As noted above, terms like "direct requirement" and "unnamed requirement" would be good examples of terms that need clarification. Also, adding more clarity around how the requirement types pip handles map back to PEP 440 concepts would make it easier to reason about pip's standards compliance.

Alternative Solutions Continue to document such details in the code, and/or infer behaviour from the code.

Additional context When building the new resolver, the interface will necessarily be based around passing a set of requirements from pip to the resolver. At the moment, a pip RequirementSet contains a lot of internal specifics, which would not make sense to include in an API that could be passed to a general resolver. Ideally the resolver API could be specified purely in terms of PEP 440 concepts (specifiers of the form NAME OP VERSION and direct references, NAME @ URL), but to do that we would need a clear mapping between pip's concepts and the PEP's.

This issue is intended as a place for discussion on how to model pip's idea of requirements in a standards-compliant way.

@pradyunsg and I came up with a concrete list of requirement types here, from #6607 (comment). That was later turned into a graph here (from #6607 (comment)).

IMO if the source code is aligned with that model then it will be essentially self-documenting and internal documentation would be redundant (and could easily go out of date, being separate from the source code).

Initial "brain dump" of concepts, mapping what you can supply to pip to PEP 440.

Basic requirement (NAME OP VERSION) - maps directly.
Local filename (wheel or sdist) - maps to NAME @ URL. May require filename<->URL translation, so will likely need a decision on what is the canonical form (URLs for Windows pathnames are a bit funky). Extracting NAME from a wheel or sdist filename is well-defined (for a wheel, by spec, for a sdist, by convention) but we need to take account of when the internal metadata and the filename don't match (an error, but we should report it in a user friendly manner).
URLs - similar to local filenames, will translate to direct references. We may need to require that the NAME @ part is included (we can convert the #egg= syntax automatically) as URLs can't necessarily be assumed to have a conventional filename structure (although why not? they should point to a sdist or wheel, surely?)
Local filename (archive of a source tree) - similar to wheel or sdist, but no metadata and no convention on filename. This is likely where unnamed requirements hit us - we can't even determine the name without building.
Local directory name - similar to local filename, with the additional complication that converting a directory name to a URL will probably introduce more problems than it's worth.

Requirements may have additional properties, like "editable", or "ignore binaries/sources". Logically these are independent of requirement types, although some combinations don't make sense ("ignore sources" with a local directory for example).

@pradyunsg and I came up with a concrete list of requirement types

Nice! I'll browse that in more detail. But what I'd like to add to this (in terms of what I'm thinking about) is a mapping between pip's types and PEP 440. Specifically, for the resolver, if we can work on a PEP 440 basis:

NAME OP VERSION is the basic form for any resolver, so should be easy to manage.
NAME @ URL is basically "force install exactly this file for NAME, and deal with the consequences", which should be a fairly straightforward operation to ask a resolver to handle (modulo the usual problem that we need to build it to work out the version we end up with).

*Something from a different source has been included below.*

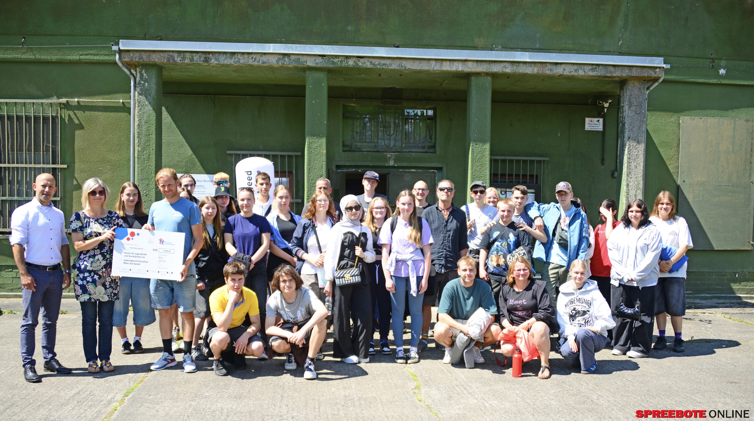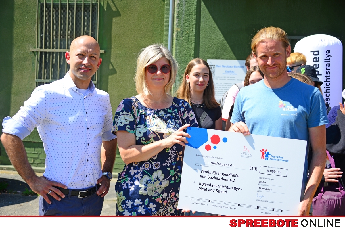Das Deutsche Kinderhilfswerk und das Brandenburger Jugendministerium fördern das Projekt „Jugendgeschichtsrallye – Meet and Speed“ in Fürstenwalde mit 5.000 Euro. Die Übergabe der Unterstützung fand heute vor dem Bunkermuseum am Fuchsbau in Fürstenwalde statt. Daniela Tews, Regionale Koordination des Deutschen Kinderhilfswerkes übergab symbolisch den Scheck an Sebastian Redlich vom Verein für Jugendhilfe und Sozialarbeit e.V.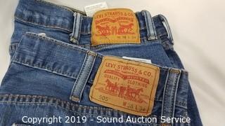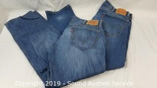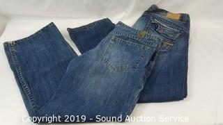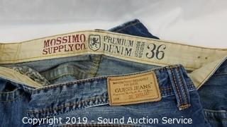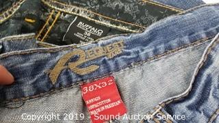 Item Description: Jeans are all 36 to 38 x 32. Includes: Buffalo, Request, Mossimo, Levi 505's 32 x 34, ski overalls XL, DKNY Guess, 7 shirts.

Just having two fundamental "types of thing" for a resolver to handle would be a huge simplification, and I think it's something we should at least try to aim for, at least at a high level.

IMO if the source code is aligned with that model then it will be essentially self-documenting

Well, we should include the graph in our docs somewhere, at least - if only to help out people like me who can't hold the full object graph in our heads 😉

Are we trying to simplify the parsing of the requirements or what the resolver has to deal with (or something else :smile:)?

From our previous investigation, as long as the abstraction that we presented was the same the resolver could be agnostic to how we decided to represent or split up the requirements. For example here are implementations of the different types from the previous graph, but here is the only interface that anything outside the projects package would need to see.

The net effect is that the work is spread out and isolated between the individual requirement classes. Any change can be targeted and it's easy to understand the outcome.

I'm trying to get my head around what the new resolver would "feel like", starting from the (string) input the user provides. So parsing, I guess, although less about how to actually parse stuff (which is just details) and more about what we should parse it to.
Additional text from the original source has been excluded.